Para ele, o Estatuto das Cidades tem que ser inclusivo, e não exclusivo. “Essas técnicas de arquitetura hostil, com pinos, vergalhões, cercas eletrificadas, instrumentos pontiagudos, bancos sem encosto, entre outras, têm o único objetivo de valorizar um patrimônio em detrimento daquilo que é o mais importante, que é o acolhimento das pessoas em situação de rua”, advertiu.

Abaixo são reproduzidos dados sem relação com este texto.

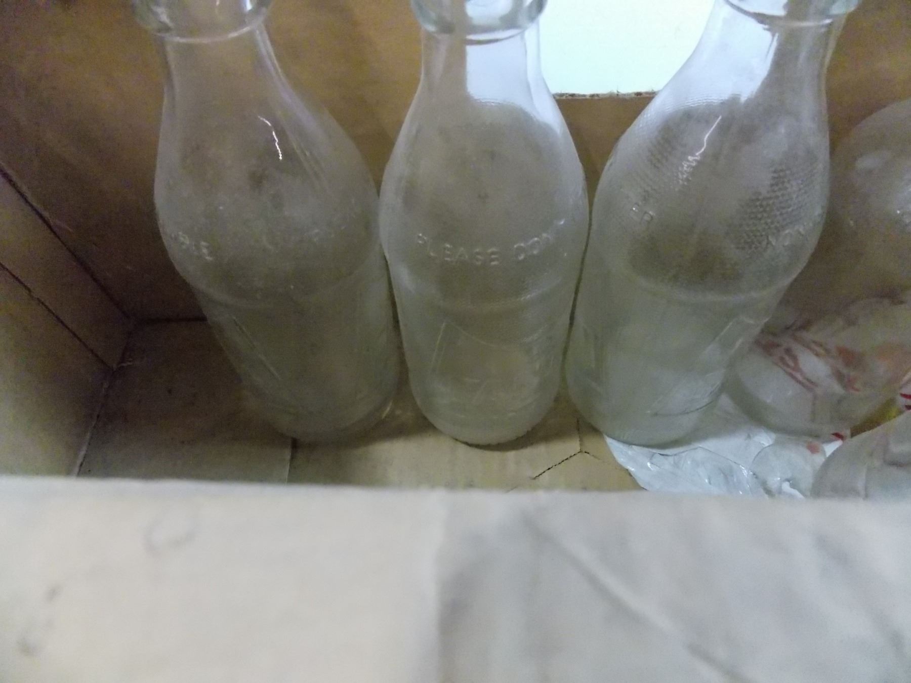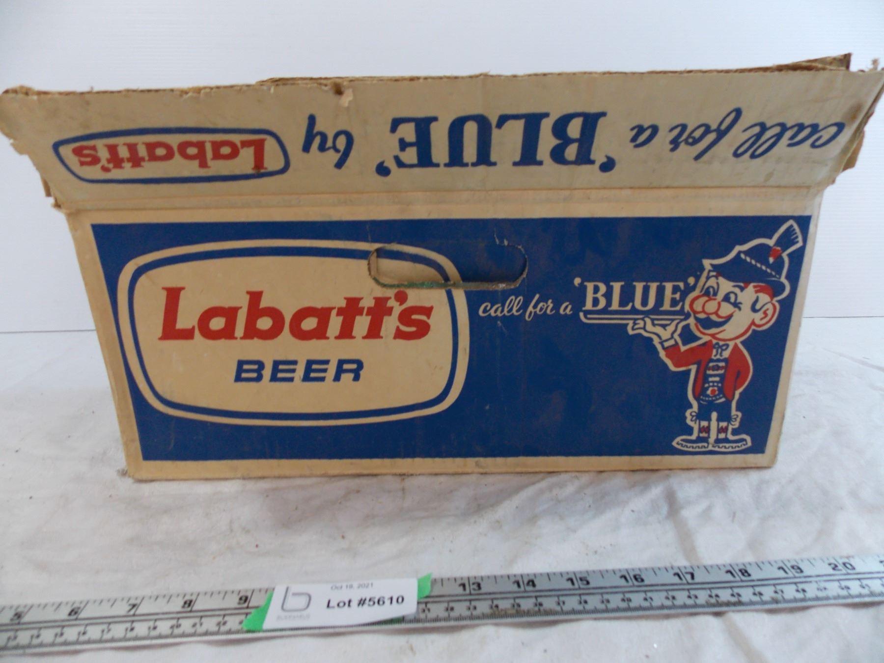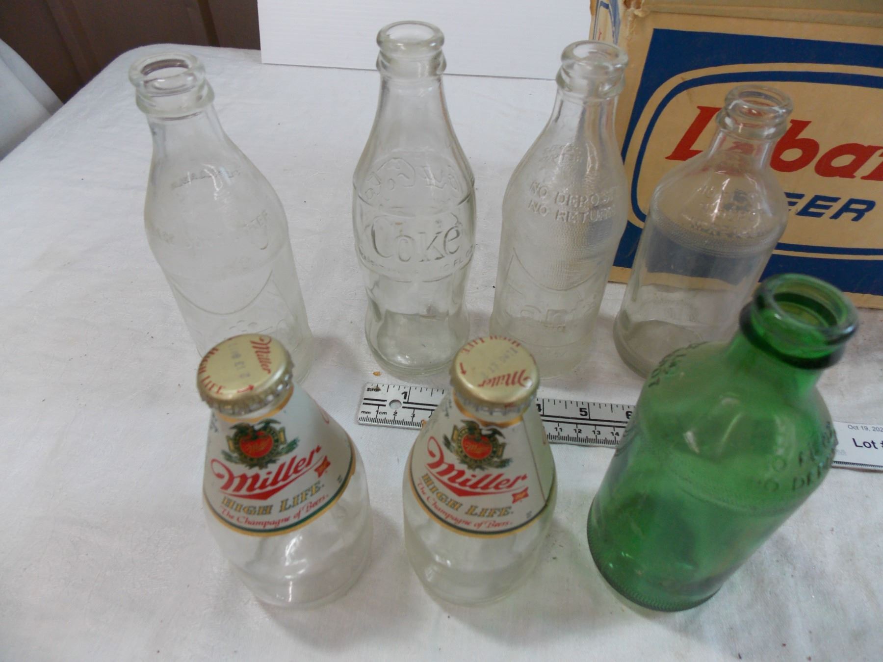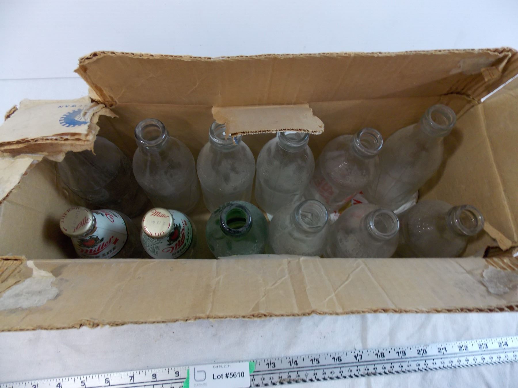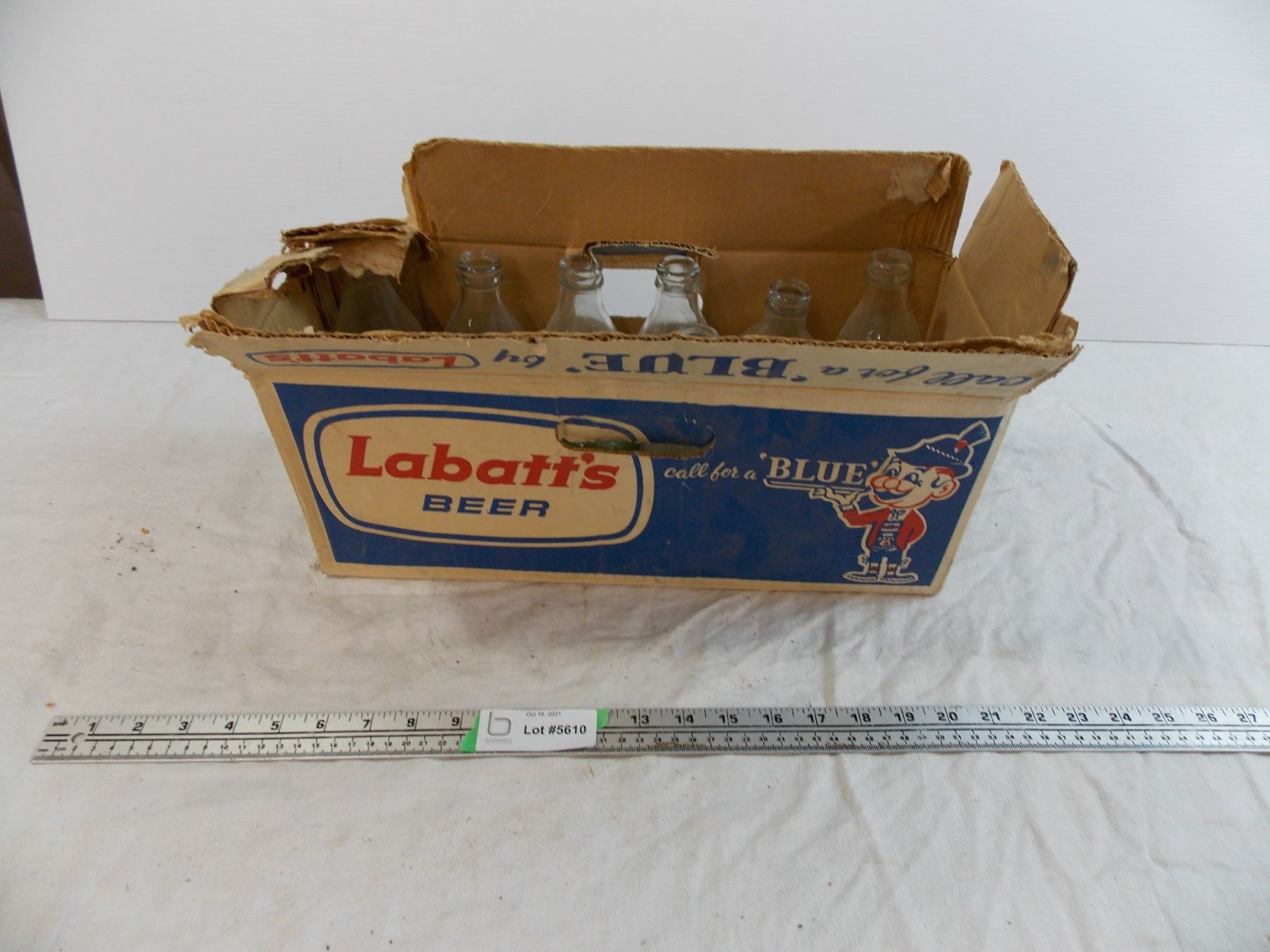 Labatt's Blue cardboard beer box - with various clear glass bottles (FANTA, Millar stubbies, misc)

“O IBGE divulgou os dados: são 68 milhões de pessoas em situação de pobreza, 22 milhões em extrema pobreza. A Constituição estabelece como um de seus fundamentos erradicar a pobreza e a marginalização, reduzir a desigualdade social e regional. Se me perguntarem qual meu objetivo como parlamentar, vou dizer que é reduzir o abismo existente entre milhões de pobres e a concentração de riqueza na mão de tão poucos, é dar dignidade à população naquilo que é direito humano essencial: moradia digna, oportunidade de trabalho, redução da carga tributária, educação e saúde de qualidade”, concluiu.
A derrubada do veto foi defendida com ênfase também nesta sexta-feira pelo deputado Orlando Silva (PCdoB-SP), que foi relator na Câmara, e pela deputada Érika Kokay (PT-DF). O relator do texto no Senado foi Paulo Paim (PT-RS), que, ao lado de toda a bancada do partido, se indignou com o anúncio do veto ao projeto na última terça (13), num dos atos mais cruéis de Bolsonaro.

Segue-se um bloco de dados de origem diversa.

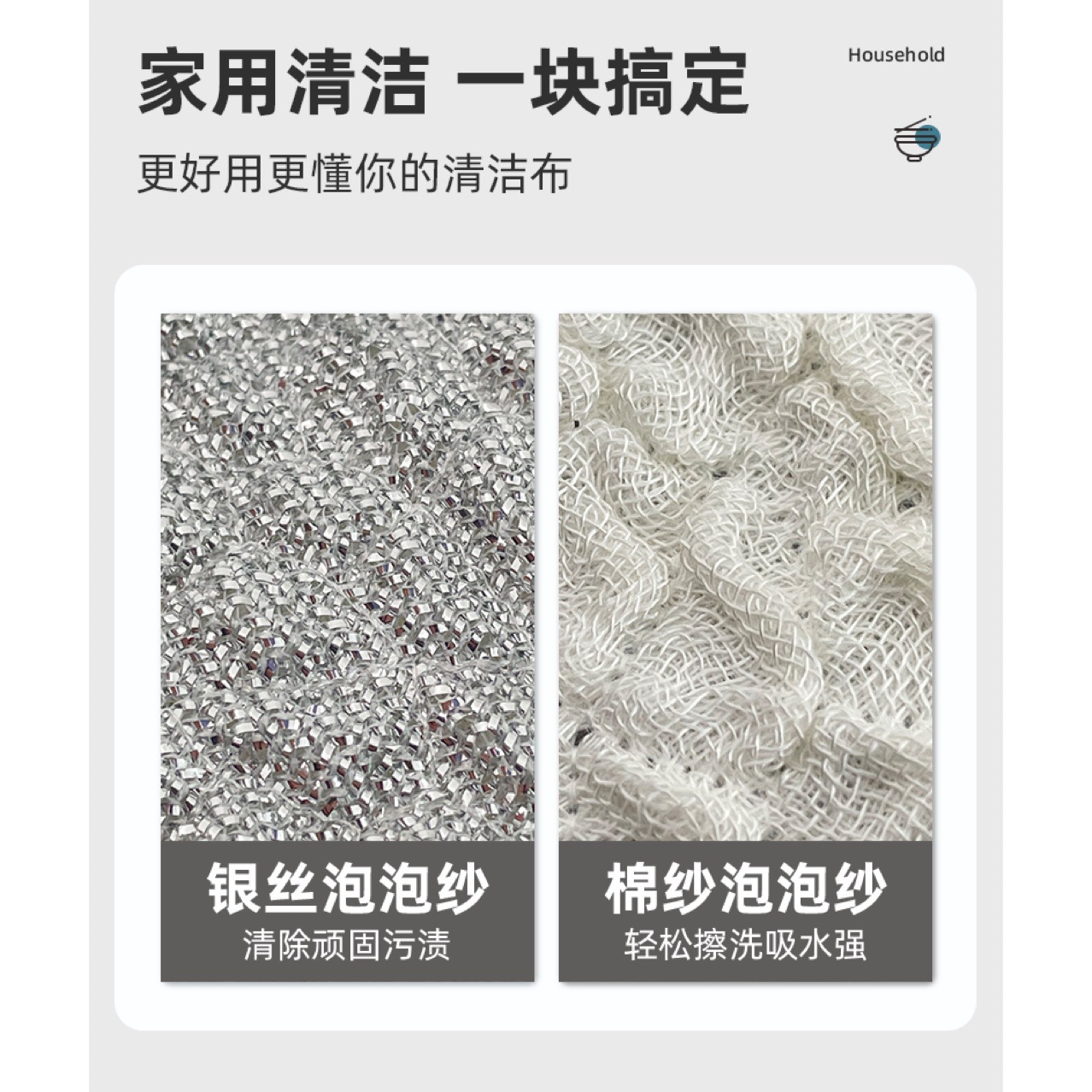 설거지용 천, 두 겹의 두꺼운 붙지 않는 기름 설거지용 수건, 수세미, 흡수성 걸레, 은실 면 거즈, 설거지용 브러시 및 냄비 세척 도구
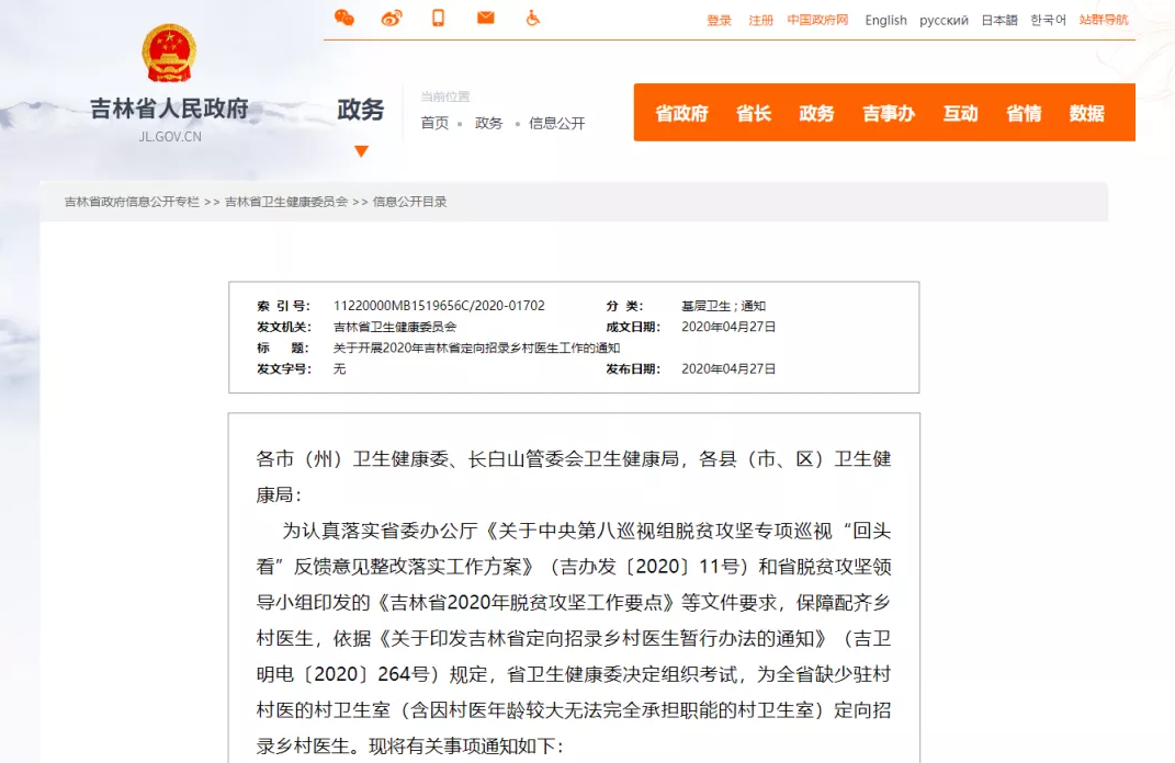 关于开展2020年吉林省定向招录乡村医生工作的通知

Nesta quinta (15), o padre Júlio Lancellotti participou do encontro de Natal dos Catadores, que todos os anos reúne o presidente Lula com os catadores de papel de São Paulo e desabafou, indignado. “Estamos cansados de sermos tratados como lixo, apanhando da Guarda Civil Metropolitana, da limpeza urbana. São poucos os moradores de rua aqui dentro, muitos estão nas calçadas, nos viadutos. Ninguém quer saber dos mais pobres”, lamentou.

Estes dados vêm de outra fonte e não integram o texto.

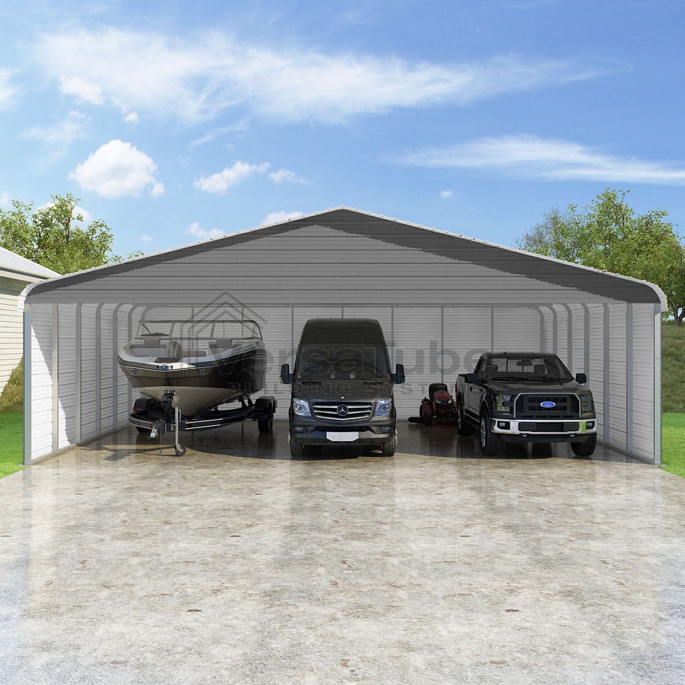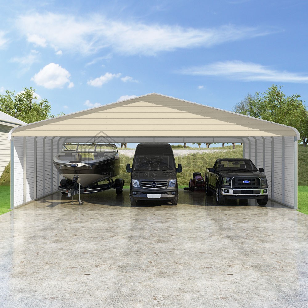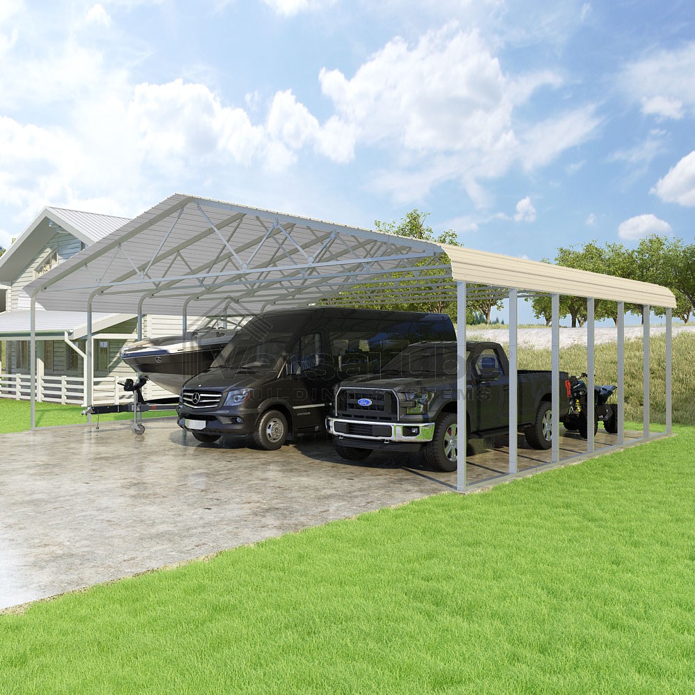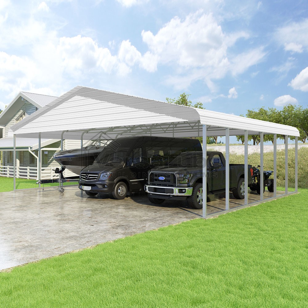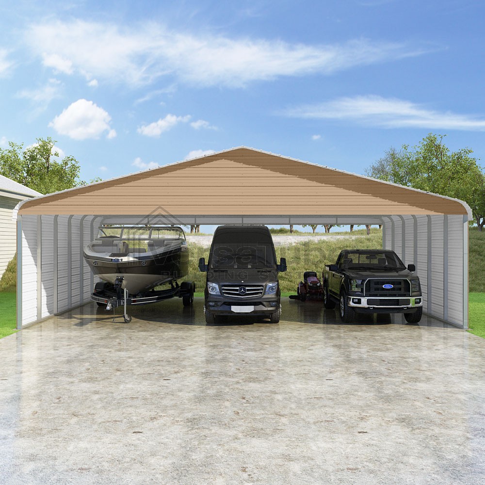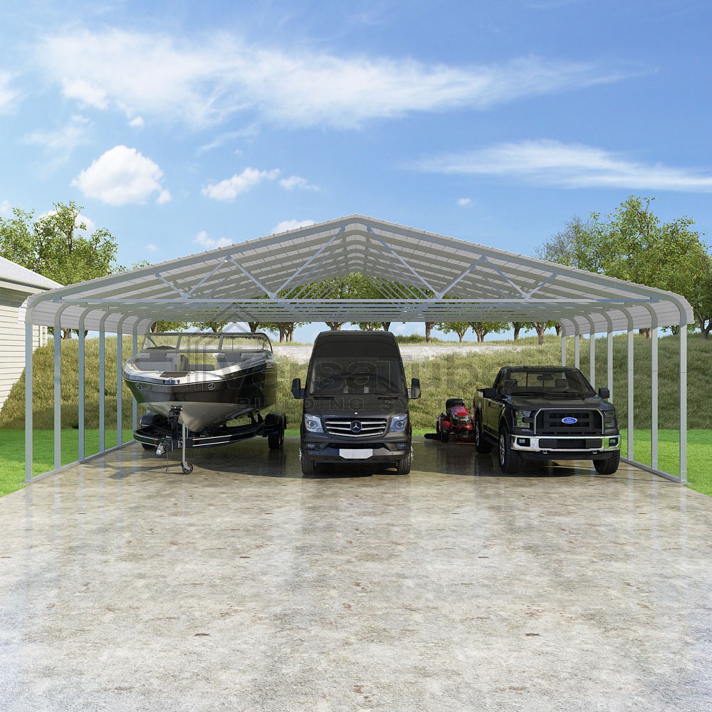 Classic Series DIY carport kit features horizontal application of sheet metal panels with the extra protection of rounded eaves.
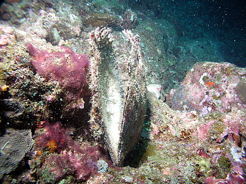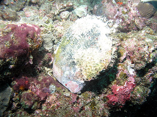 形態特徵: 大型,四方形近圓形,黑褐色,殼表粗肋為鱗片狀組成,部分會有白色放射色帶。兩殼扁平。殼內邊緣深色,中間為銀白色,珍珠質發達。棲於珊瑚礁海域、潮間帶低潮線下至水深20公尺、以足絲附著於岩石或珊瑚礁。

Pouco depois, o presidente Lula destacou este como um dos maiores problemas do país, mencionou o absurdo da arquitetura hostil e se comprometeu a encontrar soluções para as pessoas em situação de rua. “Agora estão fazendo obra, colocando paralelepípedo para não ter espaço. Ou seja, não é que eles não cuidam, é que não querem que nem tenha o direito de deitar debaixo da ponte. Não tem nenhum sentido humanista, de compaixão, de amor”, reagiu.